28 Years Later (2025) — Read, Study & Download the Screenplay

A ferocious coming-of-age horror story where childhood ends at the edge of the causeway.

The 28 Years Later screenplay returns to Alex Garland’s rage-virus world decades after the original outbreak, but shifts the dramatic engine from immediate collapse to inherited survival. On Holy Island, ten-year-old Spike lives inside a fortified community where childhood, ritual, fear, and violence are tightly braided together. When his father Jamie takes him across the tidal causeway to the mainland for his first kill, Spike enters a world of infected variants, abandoned landscapes, strange human cruelty, and dangerous truths about the adults who have shaped his life.

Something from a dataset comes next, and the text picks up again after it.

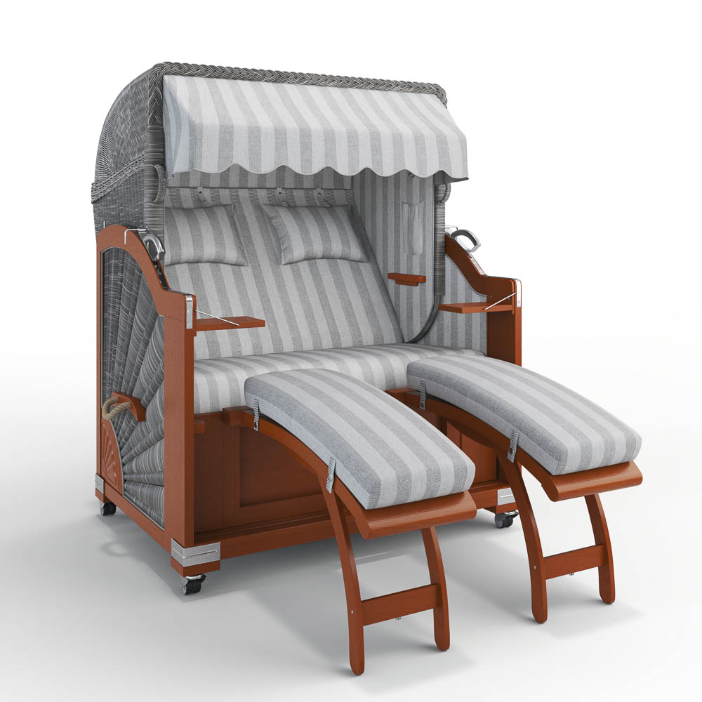 einhängbare Fußstützen: Unser Modell „Keitum“ ist mit höhenverstellbaren, einhängbaren Fußstützen ausgestattet. Der Bezug der Fußstützen ist abnehmbar und daher leicht zu reinigen. Zusätzlich verfügen diese Modelle über praktischen Stauraum unter der Sitzbank, in dem die Fußstützen oder die Abdeckhaube verstaut werden können. Auch der Bezug der Sitzbank lässt sich bequem abnehmen.

For writers and film students, this screenplay is a sharp study in sequel expansion, contained geography, and horror as coming-of-age. Garland does not simply make the infected faster, larger, or nastier, though the screenplay certainly finds new nightmares there. He builds the story around thresholds: the island wall, the causeway, the mainland, the forest, the tide, the family home, and the line between what children are told and what they discover for themselves. The result is a survival story where the scariest monsters are not always the infected. Sometimes they are secrecy, denial, grief, and the stories a community tells to keep itself intact.

8FLiX Study Notes
Screenplay craft notes · Post-Apocalyptic Horror / Survival Drama / Coming-of-Age Thriller · Final/BAFTA (August 12, 2025) · No companion PDF
Written by Nick Runyeard

28 Years Later Study Notes

What writers and film students can learn from this screenplay


The 28 Years Later screenplay is about what survival does to childhood. Spike is not introduced as a warrior, but as a boy packing a flashlight, a scarf, cycling gloves, a lock knife, and almost, but not quite, a superhero action figure. That small hesitation tells us almost everything. He is being pulled out of childhood before he is ready, and the screenplay keeps testing the distance between the brave figure his community wants him to become and the frightened child still inside him. Garland uses the causeway as both geography and metaphor: once Spike crosses it, he enters a world where family myths, island rules, infected evolution, and adult lies all begin to break open.

Craft Focus

  • Geography as story engine: Holy Island, the tidal causeway, the mainland, the treeline, and the perimeter wall all create natural suspense without needing artificial obstacles.
  • Coming-of-age through horror: Spike’s first journey off the island is structured like a rite of passage, but the emotional truth is messier, scarier, and far less heroic than the community’s celebration suggests.
  • Expanded monster ecology: The screenplay introduces infected variants such as slow “slugs,” fast packs, and Alphas, making the old threat feel biologically and dramatically evolved.
  • Parent-child tension: Jamie’s lessons, lies, pride, fear, and failure all shape Spike’s understanding of masculinity, courage, and trust.
  • Community rules as pressure: The island’s “no rescue” policy creates immediate stakes while revealing how trauma has hardened into law.
  • Horror with mythic undertones: Churches, crucifixes, bells, skulls, tides, firelight, and bone imagery give the survival plot a ritualistic, almost medieval charge.

Questions for Writers

  • How does the opening with Jimmy, the church, and the infected vicar establish religious dread before Spike’s story begins?
  • Why does Garland make the causeway such a central visual and structural device?
  • How does Spike’s packed superhero figure quietly reveal the emotional conflict of the story?
  • What changes when the infected are no longer only fast attackers, but a varied ecosystem with slugs, packs, and Alphas?
  • How does the “first kill” sequence complicate the idea of bravery?
  • Why is Jamie’s public version of Spike’s heroism so different from Spike’s private experience?
  • How does Doctor Kelson shift the story from survival horror into a meditation on death, mercy, memory, and love?
Writing Tip: Study how 28 Years Later turns a location into a moral machine. The island protects Spike, but it also confines him. The causeway offers passage, but only on nature’s timetable. The mainland promises answers, but also strips away comforting lies. Strong genre writing often begins with a simple map. The craft is in making every boundary on that map emotional, practical, and thematic at the same time.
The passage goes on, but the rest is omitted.